To produce photovoltaic cells by 62 percent more, Tata BP Solar, joint venture between Tata Group and BP Solar in the ratio of 51: 49, has announced to add a new production line of 32 MW at its plant in Bangalore. Now, the total cell manufacturing capacity of the company is 84 Mw including the additional plant with a module capacity of 125 Mw.
During 2008, the company had initiated this expansion through a $100 million investment. To create electricity from sunlight, the company produces low-cost crystalline silicon cells and solar modules used. Tata BP solar cells and modules are integrated into solar products like home lighting systems, street lights and telecommunication towers, or connected to the electricity grid to export the power generated directly from solar plants on rooftops or in the open fields.

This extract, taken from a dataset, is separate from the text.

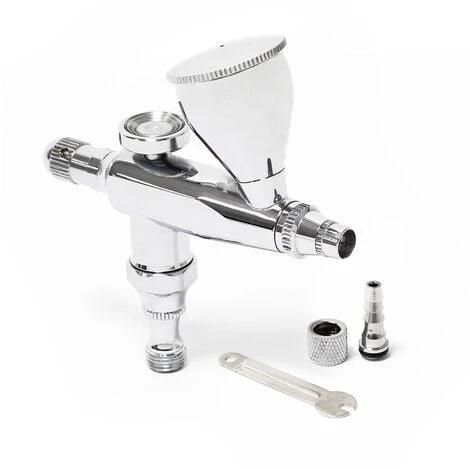Cet aĂ©rographe professionnel ne s’adresse pas seulement aux utilisateurs professionnels. Le modèle est livrĂ© avec une buse (d’un diamètre de 0,30 mm) et convient donc aussi aux peintures ou laques aux pigments grossiers. Grâce au godet d’une contenance de 5 ml il convient tout particulièrement aux travaux avec de petites ou moyennes quantitĂ©s de peinture. Le rĂ©glage du mĂ©lange peinture/air se fait par un type de rĂ©gulation simple (Simple Action Function). Le passage de quantitĂ© de peinture voulue peut ĂŞtre rĂ©glĂ© par une vis au bout de la poignĂ©e.
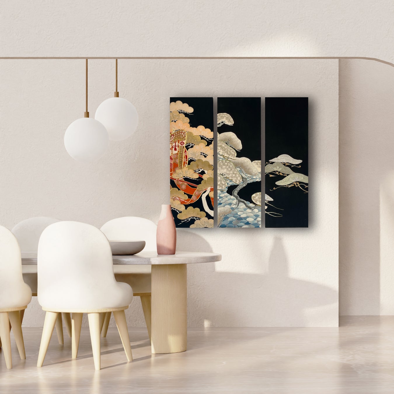 Kimonos are often referred to as "wearable art," made using traditional Japanese techniques, with each one meticulously woven, dyed, embroidered, and decorated by hand. "ikasu" takes these one-of-a-kind works, respecting their history, craftsmanship, patterns, and stories, and transforms them into art pieces that shine even more in modern spaces.

Tata BP Solar chief executive officer K.Subramanya said that the company was ready ‘with the additional cells capacity to service the new market opening up in India in the context of the Jawaharlal Nehru National Solar Mission (JNSMM)’. The JNNSM has a target of generating 20,000 MW of solar power by 2022. BP Solar CEO Reyad Fezzani, speaking on the occasion, said, “Tata BP Solar has had profitable growth over the last 20 years. Global demand for solar is expected to grow over 80 per cent in 2010, and in India it is likely to grow five-fold to 150 Mw.In the longer term, the Indian market is poised to become a world-scale market by 2022 stimulated by the supportive policies announced by the Government of India.”
Tata Power MD, Mr. Menon said: “In view of the huge demand supply gap in the power sector in India, large scale use of solar energy is imperative, especially given the abundant sunshine available all over the country throughout the year. The key to growing the mass market is cost reduction which will not happen without achieving large-scale supply. Tata BP Solar is building some of India’s largest solar plants. Today’s development is a strong step in assuring supply to meet new opportunities coming up in India.”
Tata BP Solar CEO, Mr. Subramanya said: “After more than two decades of growing the Indian market in the off-grid mode, Tata BP Solar is ready with the additional cells capacity to service the new market opening up in India in the context of the Jawaharlal Nehru National Solar Mission.” The mission has set a target of generating 20,000 MW of solar power by 2022 and another 2,000 MW of off-grid solar installations. He added: “We are committed to contribute to the success of India’s solar mission by our quality products and solutions including our market leading guarantee of 85% power output from our solar panels even at the end of 25 years.”
Solar PV technology surpasses solar thermal technology in terms of installed capacity, it said. The company said that it has of its own accord set itself targets for increasing the power it generates through renewable sources. The statement said, “The company strategy emphasizes the development of clean energy generation from renewable sources to balance the carbon intensity from major coal-based capacity and to contribute towards energy security of the country.”
Tata Power Executive Director (Strategy and Development), Banmali Agrawala said, “We are very happy to announce that our 3 Mw solar power is progressing well and will be commissioned later this year“. Tata Power, India’s largest private sector power utility, today said that it would commission its 3 Mw solar photovoltaic (PV) power plant in Maharashtra by the end of this year. Tata Power also plans to install solar capacity in Gujarat to meet its target of having 20-25 per cent of total capacity from “zero-carbon power” by 2017, a company statement said here today.
In the wake of the announcement of the National Solar Mission by the Government of India and policy incentives therein, Tata Power’s ambition for solar power generation has been bolstered to 300 Mw by 2013. The company had set up its first solar power plant of 100 kW in 1996 at Walwan in Lonavla, it said.
In India, the project will be Tata Power’s and Tata BP Solar’s first experience with building, operating, and maintaining a megawatt-scale grid-connected solar power plant. Given the modular nature of the system, the execution period for this project is relatively short, it said. There are two types of solar power generation technologies–solar PV and solar thermal technologies. In the former, solar power is directly converted into electricity, the statement said.
Federation of Indian Chambers of Commerce and Industry (Ficci) in a statement stated, that it Solar Energy Task Force chaired by Mr. K Subramanya, CEO of Tata BP Solar, and co-chaired by Mr. Vivek Chaturvedi, Senior VP, Moser Baer Photovoltaics feel, the new guidelines will help strengthen the twin pillars of manufacturing and technology towards building a new sunshine industry within the country.
Union Ministry of New and Renewable Energy Farooq Abdullah was categorical, “There is no question of relaxing norms beyond one year. We want to make India major hub for manufacturing of solar power equipments.” Deepak Puri, Chairman and Managing Director, Moser Baer India Ltd said, “The inclusion of apt stringent clauses in the guidelines which will promote serious participation from all players”.